On the surface, these two events have little in common. March For Our Lives is spurred by the mass shooting at Stoneman Douglas High School in Parkland, Florida on February 14, 2018 that claimed the lives of 17 students and teachers. The Triangle Shirtwaist Factory fire of 1911 started when a lit cigarette accidentally ignited a pile of rags at a garment factory, resulting in the deaths of 146 people, either from asphyxiation or from jumping from the 10-story building to escape the flames. Both horrifying, senseless tragedies, but without any common details.
The more I researched the aftermath of the Triangle Shirtwaist Factory Fire, however, the more I saw similarities.

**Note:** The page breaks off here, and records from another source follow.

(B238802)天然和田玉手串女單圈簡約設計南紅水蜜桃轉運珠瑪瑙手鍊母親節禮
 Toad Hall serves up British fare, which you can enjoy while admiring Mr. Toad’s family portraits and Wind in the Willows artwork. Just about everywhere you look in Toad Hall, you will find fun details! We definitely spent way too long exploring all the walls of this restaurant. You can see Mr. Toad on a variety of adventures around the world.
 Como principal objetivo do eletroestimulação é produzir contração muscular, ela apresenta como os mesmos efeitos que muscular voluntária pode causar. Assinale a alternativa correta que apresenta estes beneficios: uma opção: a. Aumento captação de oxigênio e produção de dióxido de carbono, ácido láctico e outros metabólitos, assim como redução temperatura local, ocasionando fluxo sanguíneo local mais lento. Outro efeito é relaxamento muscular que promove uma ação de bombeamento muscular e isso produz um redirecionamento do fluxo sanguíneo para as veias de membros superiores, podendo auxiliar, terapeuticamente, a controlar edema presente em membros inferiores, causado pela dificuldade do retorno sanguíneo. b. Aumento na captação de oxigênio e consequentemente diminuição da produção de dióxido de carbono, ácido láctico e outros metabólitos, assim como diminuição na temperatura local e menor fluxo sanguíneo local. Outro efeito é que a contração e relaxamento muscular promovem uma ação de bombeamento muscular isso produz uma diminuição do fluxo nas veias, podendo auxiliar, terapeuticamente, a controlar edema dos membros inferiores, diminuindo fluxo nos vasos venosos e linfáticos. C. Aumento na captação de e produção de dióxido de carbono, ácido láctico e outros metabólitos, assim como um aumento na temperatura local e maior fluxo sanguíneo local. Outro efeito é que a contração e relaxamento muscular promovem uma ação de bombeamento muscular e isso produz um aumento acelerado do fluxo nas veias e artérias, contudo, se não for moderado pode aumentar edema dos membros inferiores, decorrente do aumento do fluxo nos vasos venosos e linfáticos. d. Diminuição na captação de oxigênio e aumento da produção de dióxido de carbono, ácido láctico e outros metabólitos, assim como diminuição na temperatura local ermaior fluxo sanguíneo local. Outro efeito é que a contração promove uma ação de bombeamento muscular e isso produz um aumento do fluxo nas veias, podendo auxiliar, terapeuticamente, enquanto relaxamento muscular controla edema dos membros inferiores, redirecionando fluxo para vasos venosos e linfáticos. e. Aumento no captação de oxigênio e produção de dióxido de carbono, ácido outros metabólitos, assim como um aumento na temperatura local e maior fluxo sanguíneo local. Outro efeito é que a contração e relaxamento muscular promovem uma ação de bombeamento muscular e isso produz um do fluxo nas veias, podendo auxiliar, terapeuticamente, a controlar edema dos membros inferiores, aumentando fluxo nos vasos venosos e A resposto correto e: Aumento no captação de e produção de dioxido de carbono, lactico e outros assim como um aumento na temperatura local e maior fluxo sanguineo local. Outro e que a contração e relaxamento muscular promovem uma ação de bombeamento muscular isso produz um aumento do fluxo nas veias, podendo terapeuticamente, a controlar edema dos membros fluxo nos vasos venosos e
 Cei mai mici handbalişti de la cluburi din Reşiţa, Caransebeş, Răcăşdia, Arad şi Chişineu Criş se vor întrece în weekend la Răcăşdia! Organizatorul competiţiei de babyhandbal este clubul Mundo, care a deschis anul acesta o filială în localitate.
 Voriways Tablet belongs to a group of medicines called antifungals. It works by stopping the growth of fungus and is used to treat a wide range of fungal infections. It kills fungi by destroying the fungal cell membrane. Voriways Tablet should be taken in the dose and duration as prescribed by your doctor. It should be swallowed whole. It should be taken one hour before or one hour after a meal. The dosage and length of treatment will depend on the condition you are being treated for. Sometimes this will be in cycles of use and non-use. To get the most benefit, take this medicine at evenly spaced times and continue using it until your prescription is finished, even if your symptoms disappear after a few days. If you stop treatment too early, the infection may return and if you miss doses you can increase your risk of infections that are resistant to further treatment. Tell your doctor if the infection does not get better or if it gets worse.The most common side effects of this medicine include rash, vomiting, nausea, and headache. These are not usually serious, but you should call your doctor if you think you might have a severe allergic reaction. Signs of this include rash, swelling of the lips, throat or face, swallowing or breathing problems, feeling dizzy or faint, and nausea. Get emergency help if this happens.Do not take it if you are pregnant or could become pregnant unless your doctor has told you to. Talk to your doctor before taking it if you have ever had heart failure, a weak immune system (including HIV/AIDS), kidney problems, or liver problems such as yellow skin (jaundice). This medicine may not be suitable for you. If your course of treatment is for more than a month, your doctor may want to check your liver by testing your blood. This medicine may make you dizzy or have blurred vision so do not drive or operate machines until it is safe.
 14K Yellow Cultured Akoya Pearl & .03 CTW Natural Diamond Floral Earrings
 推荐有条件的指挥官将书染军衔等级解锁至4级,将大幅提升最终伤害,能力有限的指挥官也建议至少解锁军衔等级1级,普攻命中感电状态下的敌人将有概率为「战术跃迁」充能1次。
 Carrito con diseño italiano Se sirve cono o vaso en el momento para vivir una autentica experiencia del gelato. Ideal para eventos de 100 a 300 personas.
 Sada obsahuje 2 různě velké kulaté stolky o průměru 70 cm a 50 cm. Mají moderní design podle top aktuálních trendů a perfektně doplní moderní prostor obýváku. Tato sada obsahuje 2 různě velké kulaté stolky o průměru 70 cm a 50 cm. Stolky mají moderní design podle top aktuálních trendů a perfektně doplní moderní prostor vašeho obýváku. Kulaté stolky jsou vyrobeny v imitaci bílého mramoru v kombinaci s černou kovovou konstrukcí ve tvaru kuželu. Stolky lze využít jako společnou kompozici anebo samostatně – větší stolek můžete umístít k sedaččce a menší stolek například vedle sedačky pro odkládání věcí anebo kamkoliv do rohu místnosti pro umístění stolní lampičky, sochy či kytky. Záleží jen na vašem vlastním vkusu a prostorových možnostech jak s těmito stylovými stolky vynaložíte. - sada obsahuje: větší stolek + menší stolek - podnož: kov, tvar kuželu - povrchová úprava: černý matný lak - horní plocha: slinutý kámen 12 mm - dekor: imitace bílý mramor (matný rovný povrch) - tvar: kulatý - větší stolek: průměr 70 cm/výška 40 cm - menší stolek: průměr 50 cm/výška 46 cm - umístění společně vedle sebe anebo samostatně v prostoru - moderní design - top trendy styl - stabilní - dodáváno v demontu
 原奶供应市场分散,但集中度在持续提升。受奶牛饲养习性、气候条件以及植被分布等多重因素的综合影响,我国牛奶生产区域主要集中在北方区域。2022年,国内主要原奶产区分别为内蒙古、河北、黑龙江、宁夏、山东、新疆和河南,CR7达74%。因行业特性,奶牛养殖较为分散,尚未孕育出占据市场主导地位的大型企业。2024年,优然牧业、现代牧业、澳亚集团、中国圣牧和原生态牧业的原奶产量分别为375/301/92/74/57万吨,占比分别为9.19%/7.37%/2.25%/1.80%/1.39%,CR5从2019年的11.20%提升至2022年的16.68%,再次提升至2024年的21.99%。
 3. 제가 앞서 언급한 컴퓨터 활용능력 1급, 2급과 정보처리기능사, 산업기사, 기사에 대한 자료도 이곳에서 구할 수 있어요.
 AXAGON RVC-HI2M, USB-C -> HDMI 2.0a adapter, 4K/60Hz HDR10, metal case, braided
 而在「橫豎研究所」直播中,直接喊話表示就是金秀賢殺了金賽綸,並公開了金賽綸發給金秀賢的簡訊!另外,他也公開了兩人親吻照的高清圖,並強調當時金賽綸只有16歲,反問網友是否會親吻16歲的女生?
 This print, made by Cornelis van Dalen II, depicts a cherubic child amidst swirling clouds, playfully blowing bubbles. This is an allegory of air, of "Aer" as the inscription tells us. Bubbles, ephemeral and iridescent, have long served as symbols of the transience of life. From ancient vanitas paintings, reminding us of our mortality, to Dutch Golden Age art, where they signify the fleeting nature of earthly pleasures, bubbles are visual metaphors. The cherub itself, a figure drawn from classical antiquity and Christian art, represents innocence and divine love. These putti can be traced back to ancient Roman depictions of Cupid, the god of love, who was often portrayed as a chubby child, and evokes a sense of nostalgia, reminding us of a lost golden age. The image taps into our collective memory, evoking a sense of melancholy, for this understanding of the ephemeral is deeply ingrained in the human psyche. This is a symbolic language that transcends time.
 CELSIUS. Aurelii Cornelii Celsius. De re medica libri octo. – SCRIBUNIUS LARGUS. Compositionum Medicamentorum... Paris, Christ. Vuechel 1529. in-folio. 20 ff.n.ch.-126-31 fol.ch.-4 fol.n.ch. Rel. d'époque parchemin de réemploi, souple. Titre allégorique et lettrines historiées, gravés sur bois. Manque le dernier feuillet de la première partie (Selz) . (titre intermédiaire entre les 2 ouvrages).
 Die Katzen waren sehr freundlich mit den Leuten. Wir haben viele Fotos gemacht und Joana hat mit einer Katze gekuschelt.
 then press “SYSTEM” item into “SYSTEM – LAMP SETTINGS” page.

When people discuss the 1911 fire these days, they might say something like, “Over a hundred people died in this really awful, preventable way, and people were so horrified it changed workplace safety laws forever.” As though the event happened in a vacuum, and was in itself the catalyst for change, when that is simply not true. And saying so does a disservice to all those, the workers still endangered and the families of those harmed, who organized themselves and fought for change.
On April 5,, 1911, just over a week after the fire, union organizers and workers held a march down New York City’s Fifth Avenue. Except they called it a funeral procession. Reports vary, but it’s estimated between 80,000-120,000 people marched for over six hours, with 300,000-400,000 people observing. Such a great number of people do not come out to mourn a single tragedy, no matter how large a tragedy it was. Something bigger was happening.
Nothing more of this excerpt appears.